"I know."
So went their talk, over and over, an endless garland of happy conjectures, plans, air castles. Cousin Lorena sent little patterns and thin scraps of material, tiny laces, blue ribbons.
"I told her blue—blue's for boys," said Annie. And Wes laughed at her. It was all a blessed interlude of peace and expectancy.
The wheat was ready for harvest. From her place under the clematis vine, where she sat with her sewing, Annie could see the fields of pale gold, ready for the reaper. Wes had taken the coffeepot and gone down to the valley to see when the threshers would be able to come. In the morning he would begin to cut. Annie cocked a questioning eye at the sky, for she had already learned to watch the farmer's greatest ally and enemy—weather.
"If this good spell of weather only holds until he gets it all cut!" She remembered stories he had told her of sudden storms that flattened the ripe grain to the ground, beyond saving; of long-continued rains that mildewed it as it stood in the shocks. But if the good weather held! And there was not a cloud in the sky, nor any of those faint signs by which changing winds or clouds are forecast.

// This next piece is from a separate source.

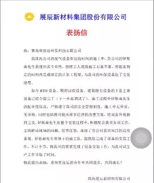 国内建筑涂料龙头企业之一的展辰新材料集团股份有限公司也对华世洁的产品及服务非常满意,并给华世洁发来了表扬信称,在展辰珠海公司的废气设备施工过程中,华世洁的伊斯南先生表现出其专业性,指挥工人现场施工有条不紊,并能在规定的时间内完成制定的计划工程,如今RTO设备、吸附回收设备、滤筒除尘设备的3套主体设备已经全面完工,施工过程中伊斯南先生严格遵守展辰的安全管理制度,施工中无异常,无事故。同时也给展辰提出很多经济的改善方案。

She heard the rattle and clack of the returning coffeepot, boiling up the hill at an unwonted speed. And she waved her hand to Wes as he came past; but he was bent over the wheel and did not even look round for her, only banged the little car round to the back furiously. Something in his attitude warned her, and she felt the old almost-forgotten devil of her fear leap to clutch her heart.
Presently he came round the house, and she hardly dared to look at him; she could not ask. But there was no need. He flung his hat on the ground before her with a gesture of frantic violence. When he spoke the words came in a ferment of fury:
"That skunk of a Harrison says he won't bring the thresher up here this year; claims the road's too rough and bridges are too weak for the engine."
"Oh, Wes—what'll you do?"
"Do! I'm not going to do anything! I'm not going to haul my wheat down to him—I'll see him in hell and back again before I will."